- _Goal of the exercise_:
For the records below, copy exactly the span that begins at the line containing "置き場所を選びません! 「積載量 大容量70L」 長期の旅行にも使える大容量。" and stops after the line containing "To determine whether", minus any pictures.

--- Supplied information ---

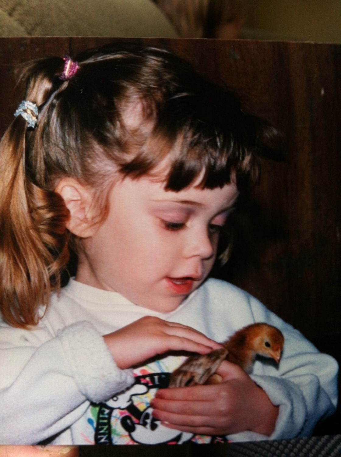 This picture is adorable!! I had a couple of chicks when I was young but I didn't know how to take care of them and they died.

---
--- Supplied information ---

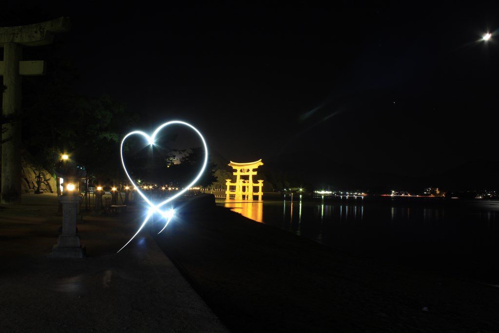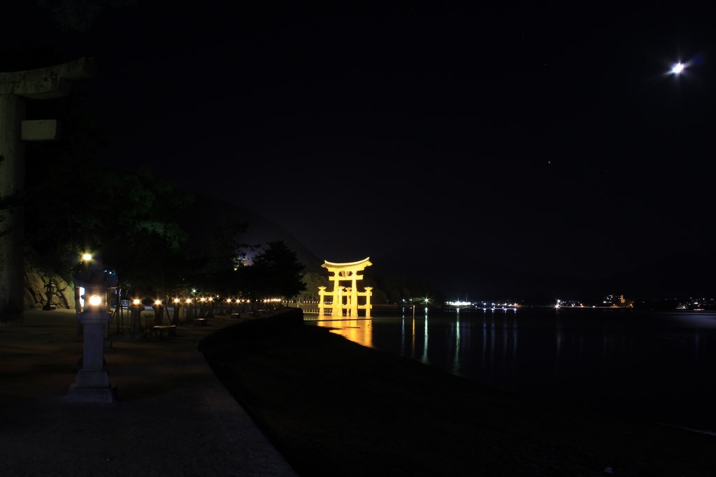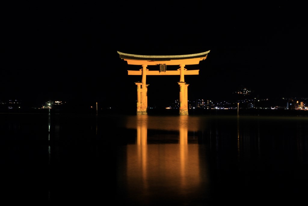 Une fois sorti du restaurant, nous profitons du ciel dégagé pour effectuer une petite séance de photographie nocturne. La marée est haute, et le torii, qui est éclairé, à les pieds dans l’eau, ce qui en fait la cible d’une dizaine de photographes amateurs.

---
--- Supplied information ---

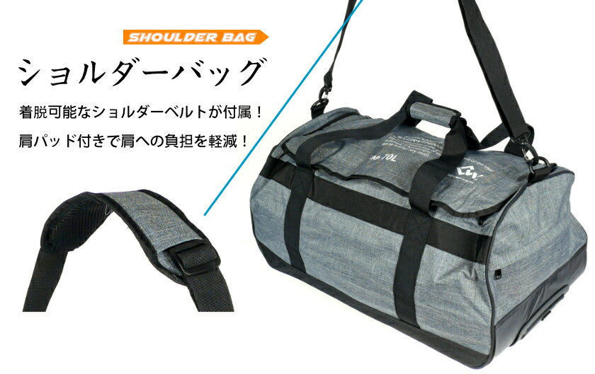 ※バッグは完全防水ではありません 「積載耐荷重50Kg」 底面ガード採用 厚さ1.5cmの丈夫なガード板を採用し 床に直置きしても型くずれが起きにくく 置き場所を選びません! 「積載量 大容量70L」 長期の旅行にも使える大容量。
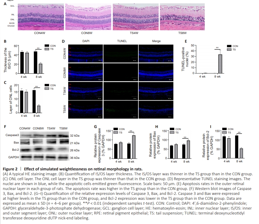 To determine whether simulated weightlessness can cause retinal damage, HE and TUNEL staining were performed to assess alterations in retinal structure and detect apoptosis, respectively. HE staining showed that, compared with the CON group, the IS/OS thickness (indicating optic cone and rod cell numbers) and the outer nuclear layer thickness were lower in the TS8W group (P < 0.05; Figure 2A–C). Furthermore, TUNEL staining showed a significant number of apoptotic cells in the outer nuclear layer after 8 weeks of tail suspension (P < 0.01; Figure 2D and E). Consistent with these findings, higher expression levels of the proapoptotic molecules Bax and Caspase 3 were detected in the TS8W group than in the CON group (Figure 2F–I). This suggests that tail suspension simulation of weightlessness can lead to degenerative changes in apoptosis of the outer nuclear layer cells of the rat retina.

---

- _Solution_:
 ※バッグは完全防水ではありません 「積載耐荷重50Kg」 底面ガード採用 厚さ1.5cmの丈夫なガード板を採用し 床に直置きしても型くずれが起きにくく 置き場所を選びません! 「積載量 大容量70L」 長期の旅行にも使える大容量。
 To determine whether simulated weightlessness can cause retinal damage, HE and TUNEL staining were performed to assess alterations in retinal structure and detect apoptosis, respectively. HE staining showed that, compared with the CON group, the IS/OS thickness (indicating optic cone and rod cell numbers) and the outer nuclear layer thickness were lower in the TS8W group (P < 0.05; Figure 2A–C). Furthermore, TUNEL staining showed a significant number of apoptotic cells in the outer nuclear layer after 8 weeks of tail suspension (P < 0.01; Figure 2D and E). Consistent with these findings, higher expression levels of the proapoptotic molecules Bax and Caspase 3 were detected in the TS8W group than in the CON group (Figure 2F–I). This suggests that tail suspension simulation of weightlessness can lead to degenerative changes in apoptosis of the outer nuclear layer cells of the rat retina.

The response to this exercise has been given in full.